_Task to complete_: The reply should contain the full listing exactly as written and no pictures at all.

─── Supplied material

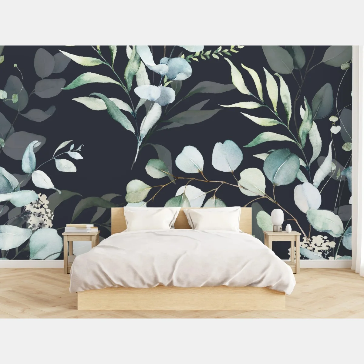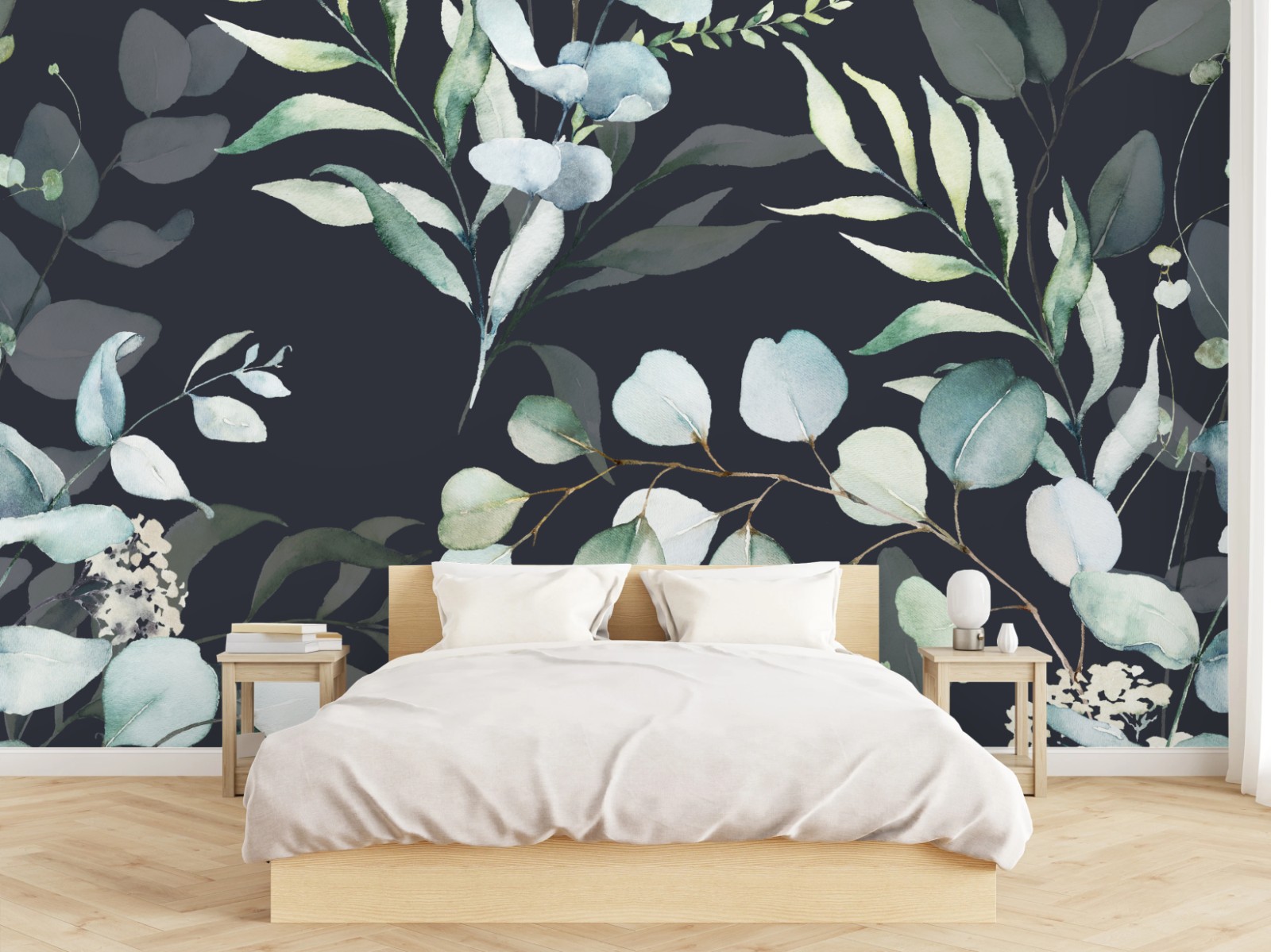Fototapete Eukalyptus aquarell botanisches muster auf dunklem hintergrund
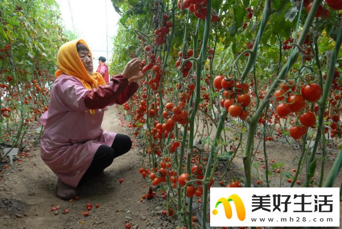 村民在大棚里采摘“圣女果”西红柿。张涛 摄
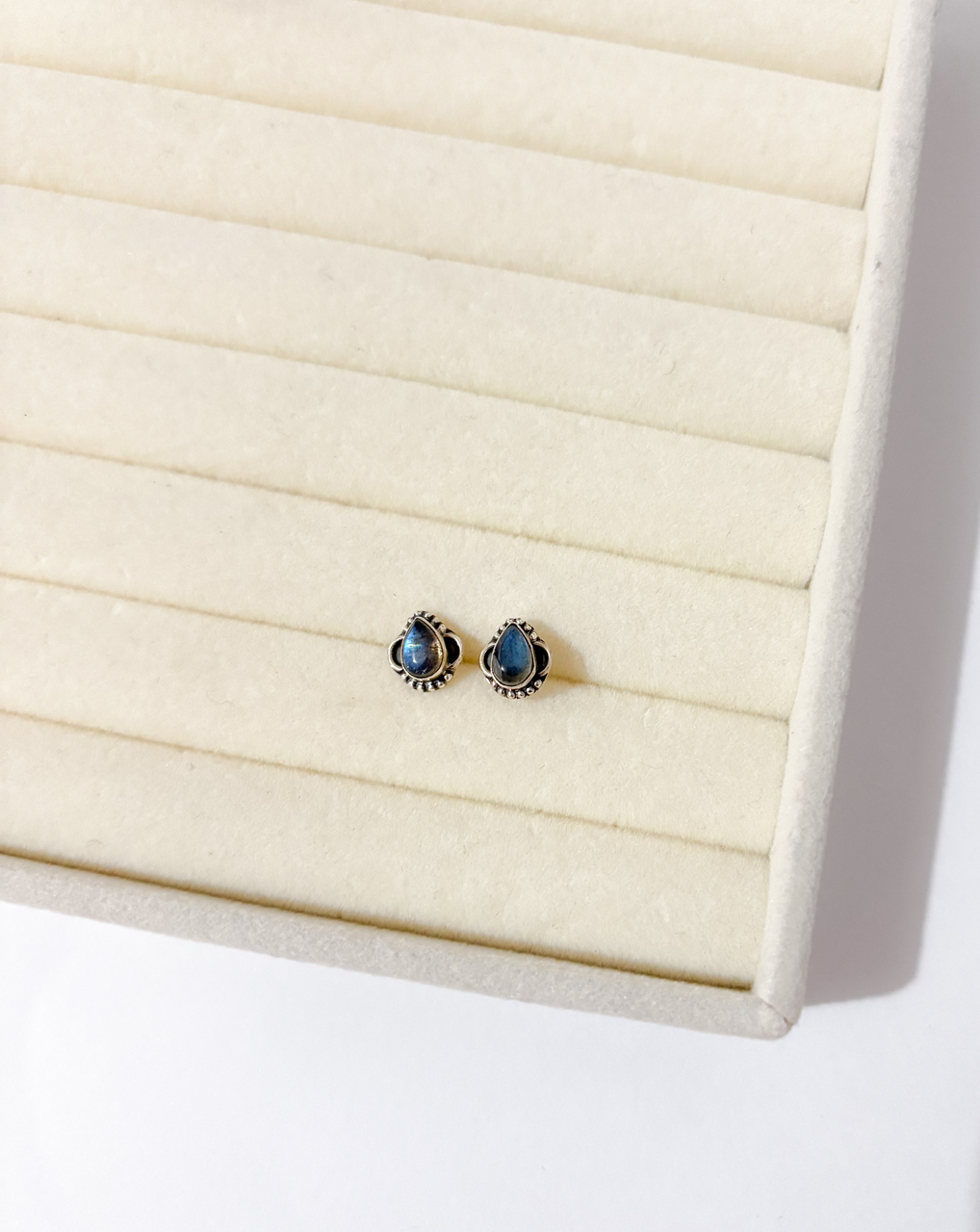 Um talismã em forma de joia. O Brinco Labradorita Gota em Prata 925 Envelhecida une o charme atemporal da prata com o brilho místico da labradorita, pedra conhecida por sua energia de proteção e conexão espiritual.
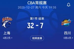 體育資訊12月27日訊 CBA常規賽第7輪,四川首節7-32落后上海。

──────

_Answer_:
Fototapete Eukalyptus aquarell botanisches muster auf dunklem hintergrund
 村民在大棚里采摘“圣女果”西红柿。张涛 摄
 Um talismã em forma de joia. O Brinco Labradorita Gota em Prata 925 Envelhecida une o charme atemporal da prata com o brilho místico da labradorita, pedra conhecida por sua energia de proteção e conexão espiritual.
 體育資訊12月27日訊 CBA常規賽第7輪,四川首節7-32落后上海。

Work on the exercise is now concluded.